= Beginning of Section =

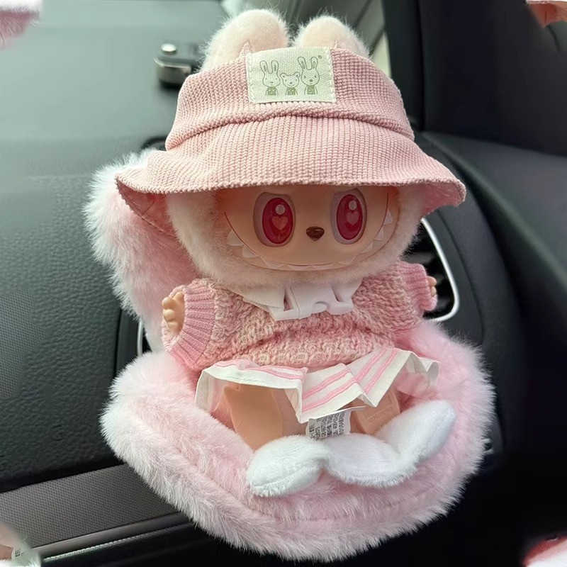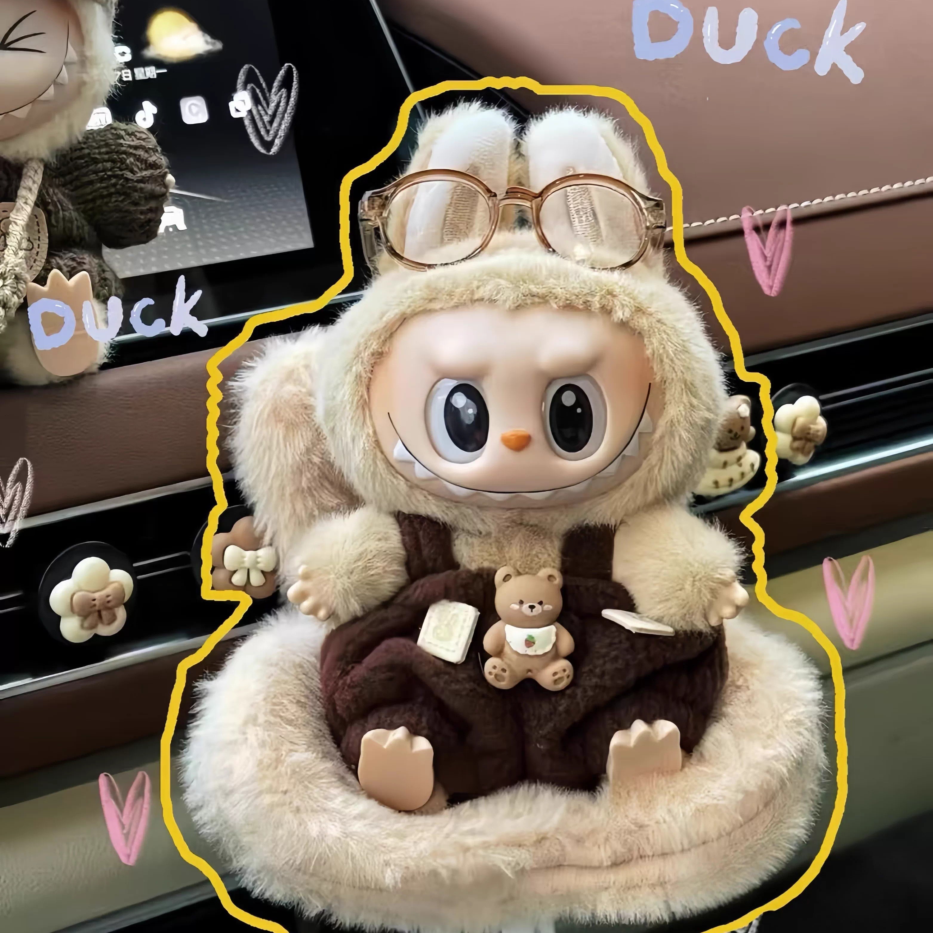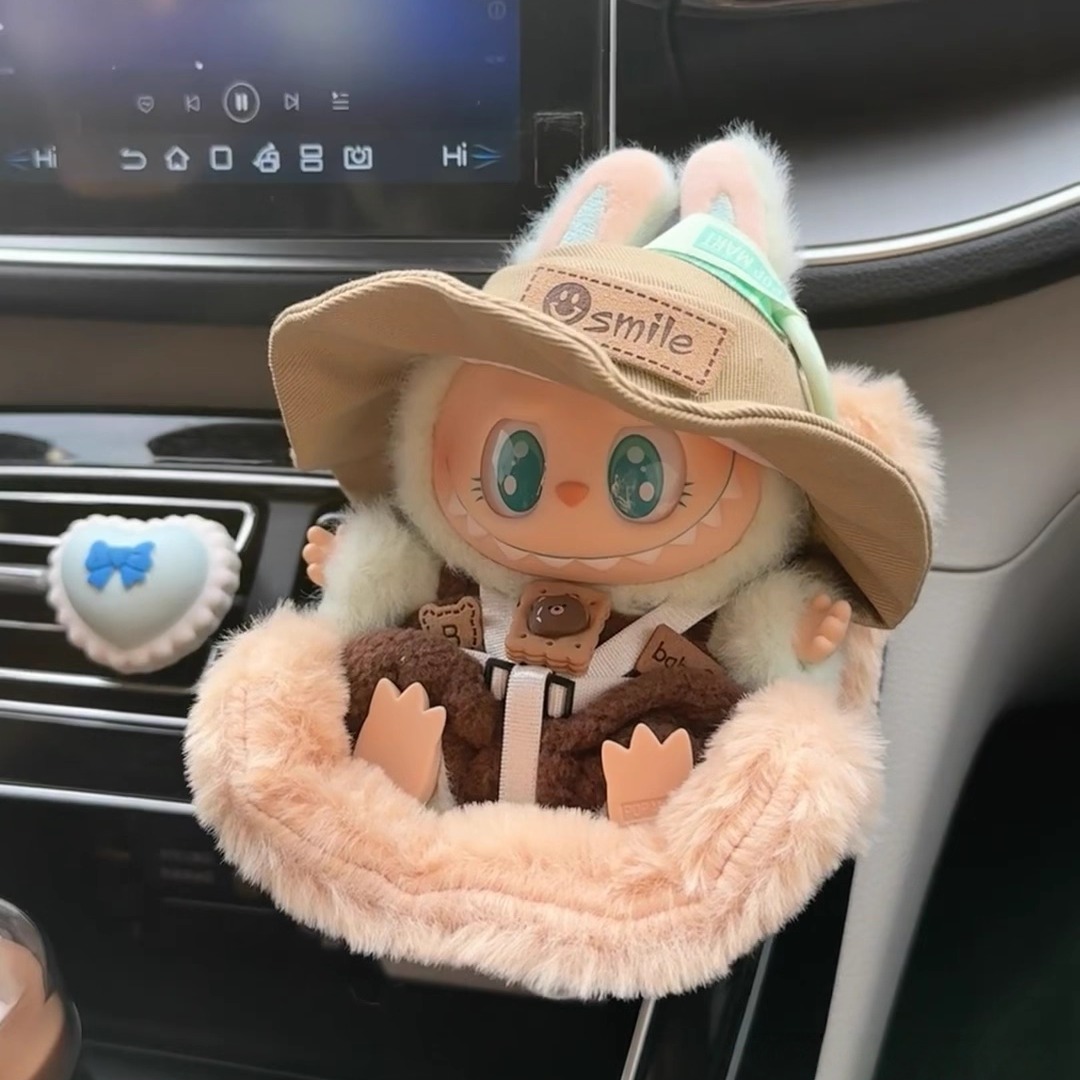 适用拉布布安全座椅labubu泡泡玛特摆件出风口毛绒娃娃车载座椅
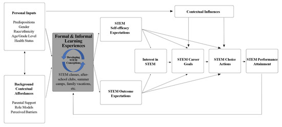 A more recent framework used to understand career choices is Lent and colleagues’ [14] social cognitive career theory (SCCT). According to SCCT, the choices people make and the application of those choices are related to their interests [14]. Lent and colleagues propose that career interests develop over time as individuals process information received through their experiences to develop perceptions about their abilities (self-efficacy), expected results of their actions (outcome expectations), and their career goals. Personal inputs (e.g., gender, race/ethnicity, and age/grade level) and background contextual affordances (e.g., parental support, role models, and perceived barriers) are also believed to influence learning experiences, and can also influence self-efficacy and outcome expectations, both of which form the basis for developing career interests. Within the SCCT framework displayed in Figure 1, conceptions of engineering would be developed based on learning experiences in STEM. Constructivists believe that it is during these learning experiences that individuals build their own conceptions of engineering as they make sense of the work that engineers do. These conceptions can also be influenced by their personal inputs and background environmental influences. For students, these learning experiences include formal school experiences (e.g., STEM classes), structured after-school or summer experiences (e.g., robotics clubs, STEM camps), as well as more informal experiences that occur with family and friends (e.g., family vacations, museums, building projects at home, and observations of parents who are engineers). Thus, while SCCT suggests that interest, self-efficacy, and outcome expectations may drive whether or not a person decides to pursue a STEM career, this decision may also be linked back further to the conceptions that students develop about STEM, which can begin forming at an early age.
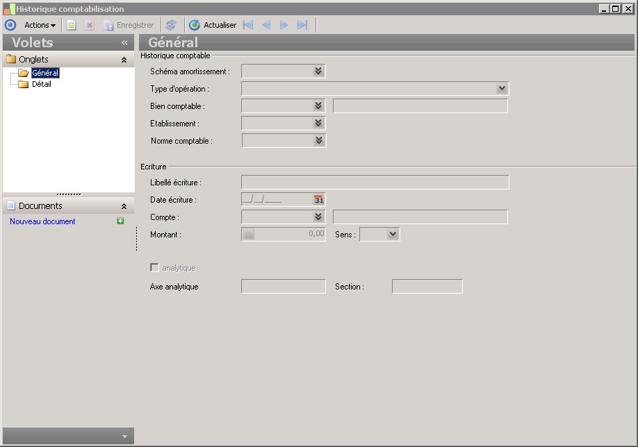 (Sage FRP 1000 Comptabilité) Menu Immobilisations > Arrêtés comptables > Historique comptabilisation
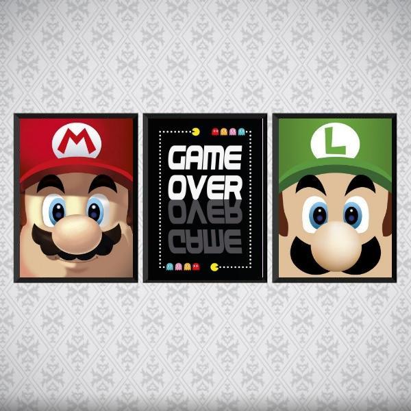 - Kit 3 Quadros Vídeo Game Personagens 45x34cm
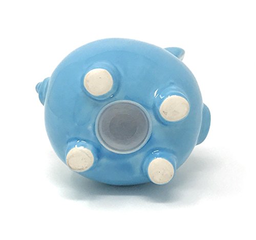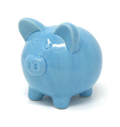 Product DescriptionMini Ceramic Blue Piggy Bank Measures 3.625" x 5" x 3.75"0
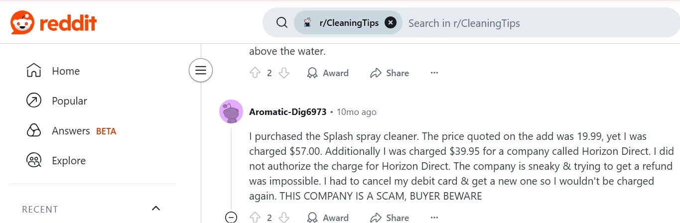 It’s worth noting that some buyers also claimed to be charged by third-party vendors like “Horizon Direct” instead of Splash itself, which led to billing confusion.
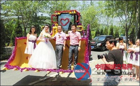 6月13日,在晋城市生态旅游村洞头村,一场大年夜型露天婚礼浪漫上演,由16台装载机构成的婚车车队,成为当天最大年夜亮点。新娘毋江豫在晋城市长江实业公司工作,每天都与装载机打交道,新婚时她特意提出用装载机作婚车,为他们漫漫人活路留下一段亘古常新的甜美记忆。图为新郎新娘及伴郎伴娘在婚车上合影纪念。
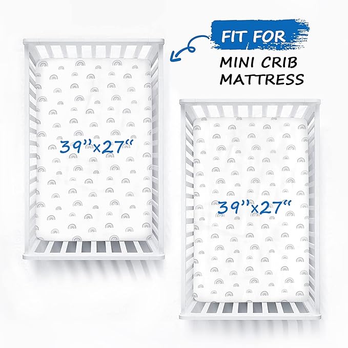 Pack n Play Sheets 2 Pack (27"x 39"x 5"), Mini Crib Sheets Set for Baby Girls Boys, Portable Playard Sheets, Ultra Soft Microfiber Pack n Play Mattress Cover Sheet, Rainbow
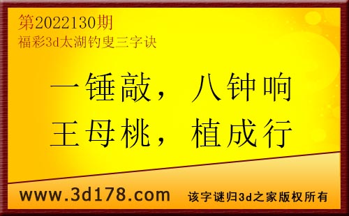 3d第22130期太湖字谜:一锤敲,八钟响,王母桃,植成行
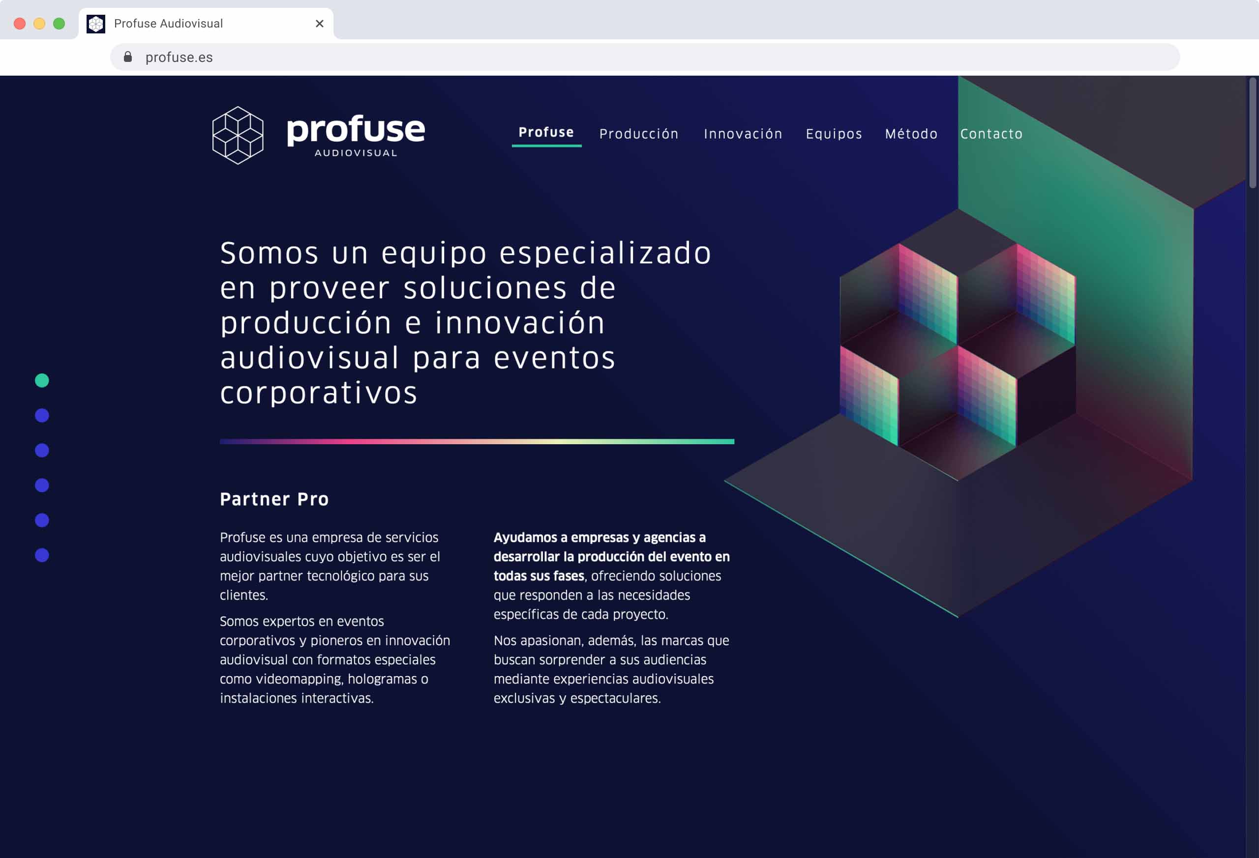 I worked with Profuse Audiovisual to review its bussines model. We created a fully new corporate image and identity through a new name, logo and website.
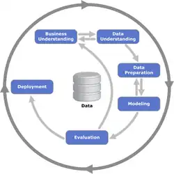 Las flechas en el diagrama indican las dependencias más importantes y frecuentes entre fases. El círculo exterior en el diagrama simboliza la naturaleza cíclica de la minería de datos en sí. Un proceso de minería de datos continúa después del despliegue de una solución. Las lecciones aprendidas durante el proceso pueden provocar nuevas preguntas de negocio, a menudo más centradas y posteriores procesos de minería de datos se beneficiarán de la experiencia de los anteriores.
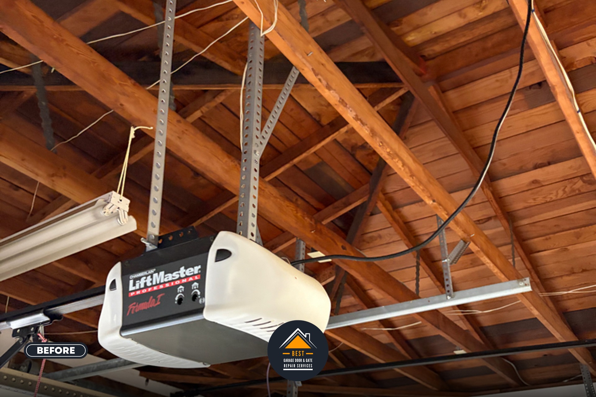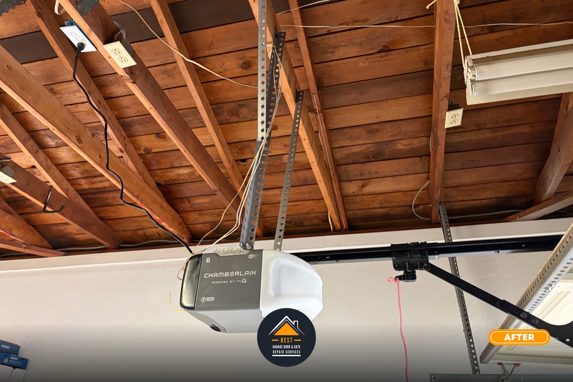 We removed and properly disposed of the old garage door opener unit, then installed a new Chamberlain belt opener with a heavy-duty belt rail system designed for premium performance and safety. Our technicians performed complete door balance adjustments to ensure optimal operational integrity and extend the lifespan of the new opener system.
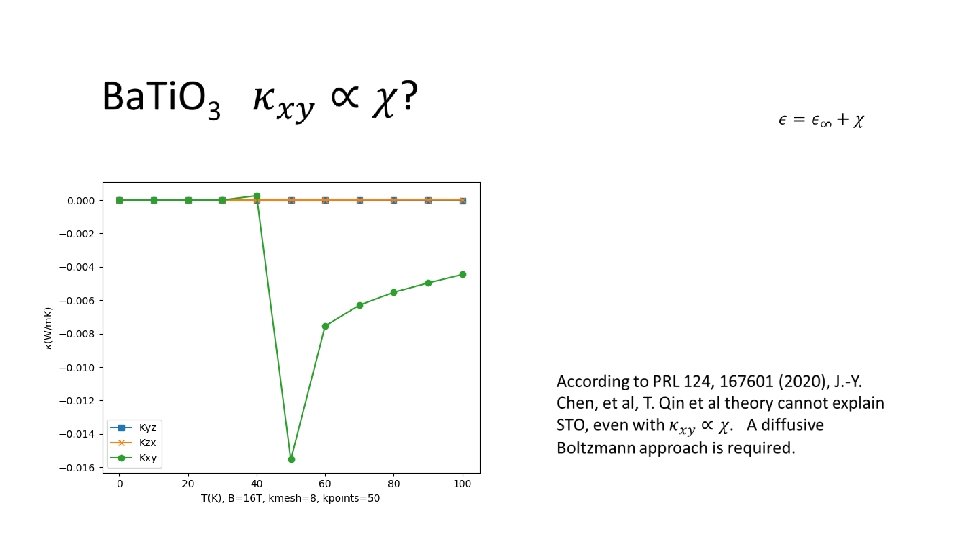 Phonon Hall effect First phonon Hall experiment on Tb 3 Ga 5 O 12 at T=5. 45 K, with kxy estimated to be 0. 45 (m. W/K-m) at B = 10 T. C. Strohm, G. L. J. A. Rikken, and P. Wyder, PRL 95, 155901 (2005). Sr. Ti. O 3 Hall experimental result, X. Li, B. Fauqué, Z. Zhu, and K. Behnia, PRL 124, 105901 (2020).
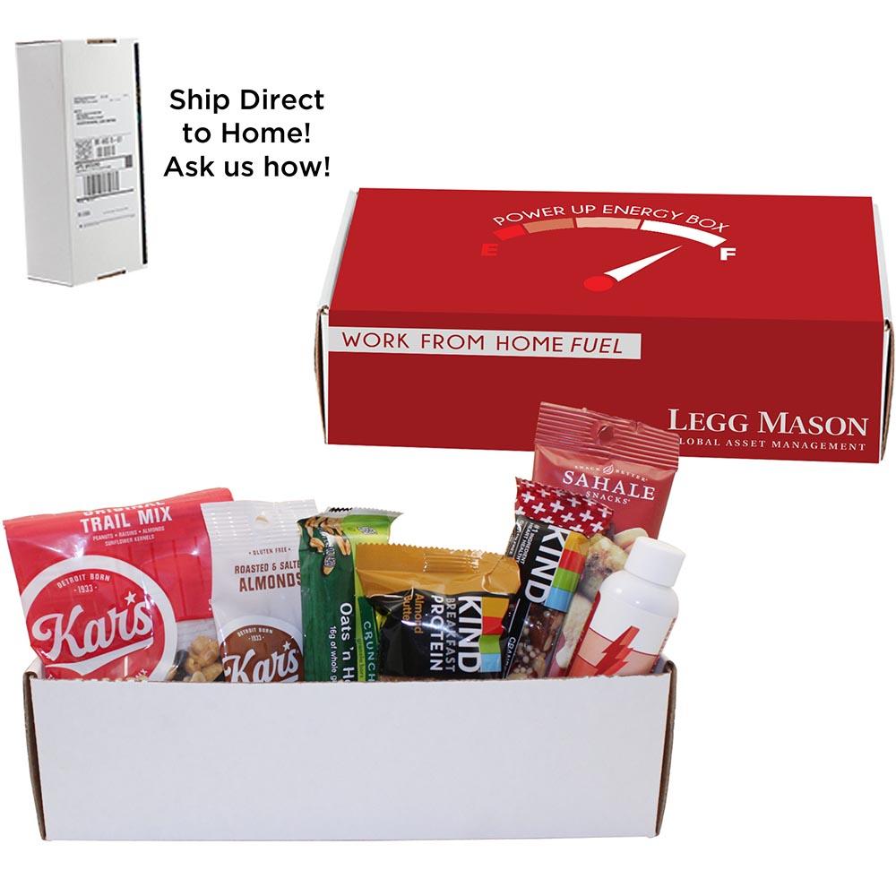 Small Mailer Box With Retail Packaged Snacks - KIND Bar (1.4 OZ), KIND Breakfast Bar (1.76 OZ), SAHALE Snacks Raspberry Crumble (1.5 OZ), Nature's Valley Granola Bar (1.49 OZ), Kars ALMOND (1 OZ), Kars TRAIL MIX (2 OZ), ENERGY SHOT (2 OZ) Price includes fll color imprint.
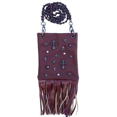 HH421-6 MINI BAG CROSS FRINGE BROWN

= End of Section =

> **What to do**
Write out, word for word, the stretch of entries that begins at the line with "It’s worth noting" and ends at the line with "I worked with". Pictures do not belong in it.

> **Response**
 It’s worth noting that some buyers also claimed to be charged by third-party vendors like “Horizon Direct” instead of Splash itself, which led to billing confusion.
 6月13日,在晋城市生态旅游村洞头村,一场大年夜型露天婚礼浪漫上演,由16台装载机构成的婚车车队,成为当天最大年夜亮点。新娘毋江豫在晋城市长江实业公司工作,每天都与装载机打交道,新婚时她特意提出用装载机作婚车,为他们漫漫人活路留下一段亘古常新的甜美记忆。图为新郎新娘及伴郎伴娘在婚车上合影纪念。
 Pack n Play Sheets 2 Pack (27"x 39"x 5"), Mini Crib Sheets Set for Baby Girls Boys, Portable Playard Sheets, Ultra Soft Microfiber Pack n Play Mattress Cover Sheet, Rainbow
 3d第22130期太湖字谜:一锤敲,八钟响,王母桃,植成行
 I worked with Profuse Audiovisual to review its bussines model. We created a fully new corporate image and identity through a new name, logo and website.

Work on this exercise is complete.